Steel heavyweight Tata Steel on Tuesday reported a threefold jump in quarterly profit driven by higher steel prices and steady demand growth.

The Mumbai-based company posted a net profit of ₹3,116 crore for the quarter ended September, compared with ₹1,018 crore in the corresponding quarter last year.

“Domestic demand has been decently strong, over the last one month there’s been some concerns over the NBFC issue, but otherwise for a seasonally weak quarter demand growth has been decent,” said T.V. Narendran, MD and CEO of the company, said at press conference after the results were announced.

He also said that although there has been some slowdown in auto demand growth, overall the fundamentals seem quite strong with the government’s push on infrastructure.

The company’s consolidated revenue from operations rose 34% year-on-year to ₹43,544 crore from ₹32,464 crore a year ago, while consolidated deliveries grew 15% and 13% sequentially to 7.42 million tonnes.

Tata Steel India’s deliveries, which includes Tata Steel standalone and Bhushan Steel, stood at 4.32 million tonnes. India deliveries now contribute 58% of the total group deliveries, the company said in a statement.

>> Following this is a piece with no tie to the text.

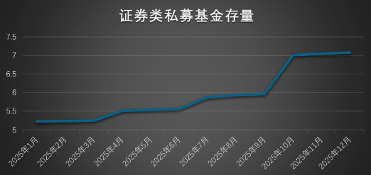 2025年是证券类私募基金大发展的一年,根据中国基金业协会的数据,证券类私募基金规模从年初的5.2万亿提高到了年底的7.08万亿,提高了1.9万亿。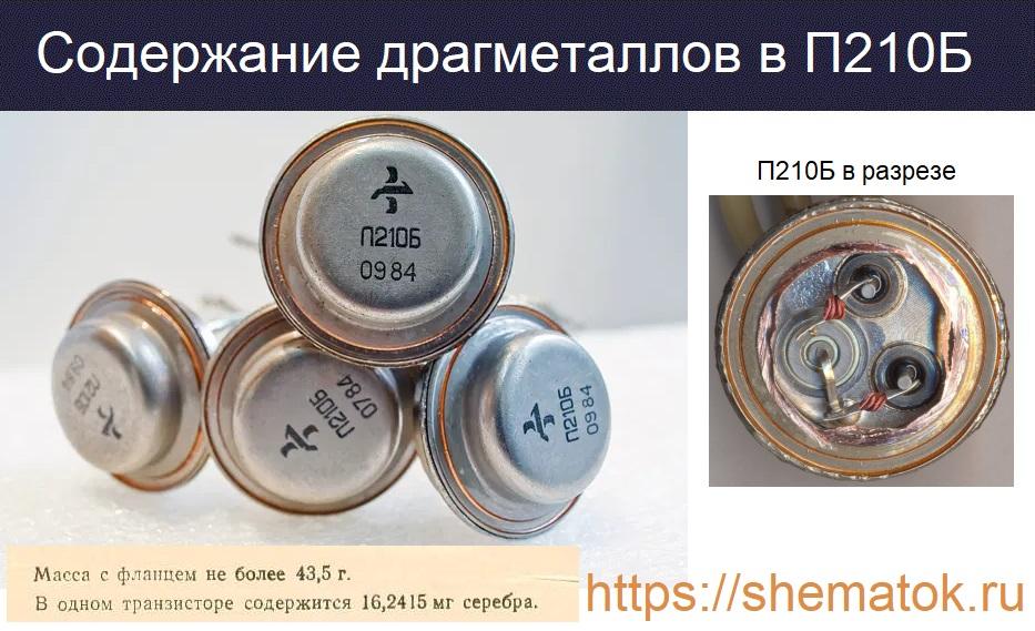 Информации о содержание драгметаллов (ДГМ) в транзисторах П210Б в справочной литературе на данную тему немного. В большинстве источников указано на наличие в них серебра (Ag) до 16,2415 мг. Золото и другие металлы платиновой группы (МПГ) отсутствуют.

Speaking to the media, the management said that with Chinese imports coming down to a more comfortable level and the Indian government’s focus on infrastructure spending, the outlook for demand in the country was positive.

“Chinese demand has grown at 7% plus for the last eight months while their production has grown at around 6%. So China is exporting less,” Narendran said. He also said that overall macroeconomic conditions have supported growth.

“The trade war actions caused steel prices to rise up 20-25% in the U.S. within a short period of time. Good macro conditions and strong demand growth have reduced the impact of these trade war actions,” he said, adding that a weaker rupee has given some comfort against imports.

The management said that there have been some concerns over rising Turkish imports into the European Union, but the European Commission is taking steps and protections are in place.

When asked about the company’s bid for Bhushan Power and Steel, Narendran said that the process has been compromised. “If a process has been laid out it should be followed. We did that with Electrosteel Steels; we did not change our bid when someone else had a higher bid,” he said, adding that Tata Steel will stand by its earlier bid.

In August, JSW Steel had revised its bid for the debt-laden company before lenders voted on Tata Steel’s bid of ₹17,000 crore, changing it to ₹19,700 crore from ₹11,000 crore earlier.

On ArcelorMittal entering India, the management said it was ready to up the ante and compete with world class players and that the Indian industry will only benefit from global giants coming in as demand is only set to grow from here onward.

Tata Steel’s stock closed over a percent higher at ₹589.15 on the BSE on Tuesday ahead of the results.